## Problem
Restrict the output to the lines below starting at the one that contains "This unique combination" and ending at the one that contains "以往的方法虽然承认图像和文本", and restate them word for word, both ends included.

Data entries:
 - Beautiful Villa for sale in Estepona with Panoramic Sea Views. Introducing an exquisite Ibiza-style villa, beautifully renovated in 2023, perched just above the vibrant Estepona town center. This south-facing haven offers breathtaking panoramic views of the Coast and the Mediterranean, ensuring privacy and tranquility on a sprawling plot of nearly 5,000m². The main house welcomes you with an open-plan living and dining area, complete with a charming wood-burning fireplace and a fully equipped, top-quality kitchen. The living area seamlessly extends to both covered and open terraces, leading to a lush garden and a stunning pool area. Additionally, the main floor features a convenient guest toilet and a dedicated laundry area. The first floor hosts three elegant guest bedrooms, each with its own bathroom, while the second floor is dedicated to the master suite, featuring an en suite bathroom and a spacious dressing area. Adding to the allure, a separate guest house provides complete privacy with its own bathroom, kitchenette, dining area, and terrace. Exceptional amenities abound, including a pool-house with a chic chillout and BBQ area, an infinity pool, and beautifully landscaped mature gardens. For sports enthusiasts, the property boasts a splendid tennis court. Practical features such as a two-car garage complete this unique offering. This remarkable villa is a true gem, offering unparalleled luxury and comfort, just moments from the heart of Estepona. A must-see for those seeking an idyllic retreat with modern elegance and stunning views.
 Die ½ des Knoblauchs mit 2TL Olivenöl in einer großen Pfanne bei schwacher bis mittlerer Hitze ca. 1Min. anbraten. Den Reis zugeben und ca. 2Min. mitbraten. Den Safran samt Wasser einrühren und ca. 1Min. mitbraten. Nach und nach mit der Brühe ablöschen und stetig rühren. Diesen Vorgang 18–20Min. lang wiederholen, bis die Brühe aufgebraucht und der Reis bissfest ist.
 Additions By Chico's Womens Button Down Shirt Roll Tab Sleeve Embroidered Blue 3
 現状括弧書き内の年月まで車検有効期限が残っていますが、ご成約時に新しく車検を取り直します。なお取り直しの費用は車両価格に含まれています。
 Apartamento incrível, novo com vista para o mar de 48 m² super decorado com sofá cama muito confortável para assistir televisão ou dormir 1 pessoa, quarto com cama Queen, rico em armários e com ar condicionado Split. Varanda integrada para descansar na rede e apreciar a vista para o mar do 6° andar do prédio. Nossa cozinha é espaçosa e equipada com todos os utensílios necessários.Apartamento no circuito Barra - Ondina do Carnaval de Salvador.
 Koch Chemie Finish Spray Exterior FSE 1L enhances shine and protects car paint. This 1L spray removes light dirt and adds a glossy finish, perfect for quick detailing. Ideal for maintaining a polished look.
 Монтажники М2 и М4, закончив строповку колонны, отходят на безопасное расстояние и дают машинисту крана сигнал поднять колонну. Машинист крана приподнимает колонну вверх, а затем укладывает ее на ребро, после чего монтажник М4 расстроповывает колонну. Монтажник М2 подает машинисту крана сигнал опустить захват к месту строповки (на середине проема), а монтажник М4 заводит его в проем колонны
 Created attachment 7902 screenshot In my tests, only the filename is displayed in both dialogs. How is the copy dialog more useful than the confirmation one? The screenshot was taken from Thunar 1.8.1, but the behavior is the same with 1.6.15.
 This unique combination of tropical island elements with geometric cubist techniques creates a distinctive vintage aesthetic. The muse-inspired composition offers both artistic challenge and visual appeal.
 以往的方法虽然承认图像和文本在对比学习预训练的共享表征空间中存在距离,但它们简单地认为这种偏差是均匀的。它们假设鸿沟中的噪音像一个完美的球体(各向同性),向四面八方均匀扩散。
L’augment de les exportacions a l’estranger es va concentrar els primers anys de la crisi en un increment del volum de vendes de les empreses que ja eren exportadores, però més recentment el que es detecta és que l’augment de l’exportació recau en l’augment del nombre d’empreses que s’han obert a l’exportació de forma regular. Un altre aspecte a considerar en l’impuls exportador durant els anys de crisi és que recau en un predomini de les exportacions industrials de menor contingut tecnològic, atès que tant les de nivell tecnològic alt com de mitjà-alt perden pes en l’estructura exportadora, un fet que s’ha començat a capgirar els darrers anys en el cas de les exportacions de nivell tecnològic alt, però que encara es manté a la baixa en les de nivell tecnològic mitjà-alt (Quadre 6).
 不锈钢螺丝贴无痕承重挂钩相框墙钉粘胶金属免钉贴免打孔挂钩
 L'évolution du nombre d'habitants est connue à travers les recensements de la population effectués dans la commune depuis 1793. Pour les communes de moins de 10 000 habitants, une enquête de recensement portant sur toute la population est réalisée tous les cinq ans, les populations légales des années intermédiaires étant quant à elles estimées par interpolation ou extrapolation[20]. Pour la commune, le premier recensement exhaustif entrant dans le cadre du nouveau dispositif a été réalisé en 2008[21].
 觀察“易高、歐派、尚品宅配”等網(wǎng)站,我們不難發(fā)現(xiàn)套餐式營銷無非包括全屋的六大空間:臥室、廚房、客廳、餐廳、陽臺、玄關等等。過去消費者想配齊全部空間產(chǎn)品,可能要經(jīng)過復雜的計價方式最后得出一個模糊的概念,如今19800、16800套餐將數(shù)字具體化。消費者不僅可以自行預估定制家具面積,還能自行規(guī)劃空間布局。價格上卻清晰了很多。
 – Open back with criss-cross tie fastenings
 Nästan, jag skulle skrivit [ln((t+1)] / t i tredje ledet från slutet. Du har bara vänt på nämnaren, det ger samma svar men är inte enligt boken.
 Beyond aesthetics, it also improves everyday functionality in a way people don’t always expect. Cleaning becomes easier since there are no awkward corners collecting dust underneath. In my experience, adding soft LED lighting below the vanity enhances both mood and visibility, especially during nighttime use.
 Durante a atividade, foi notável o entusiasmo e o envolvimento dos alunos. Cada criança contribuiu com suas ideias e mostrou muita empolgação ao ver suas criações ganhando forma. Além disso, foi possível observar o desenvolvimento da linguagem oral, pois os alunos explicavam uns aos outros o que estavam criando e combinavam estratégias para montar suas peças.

## Problem solution
 This unique combination of tropical island elements with geometric cubist techniques creates a distinctive vintage aesthetic. The muse-inspired composition offers both artistic challenge and visual appeal.
 以往的方法虽然承认图像和文本在对比学习预训练的共享表征空间中存在距离,但它们简单地认为这种偏差是均匀的。它们假设鸿沟中的噪音像一个完美的球体(各向同性),向四面八方均匀扩散。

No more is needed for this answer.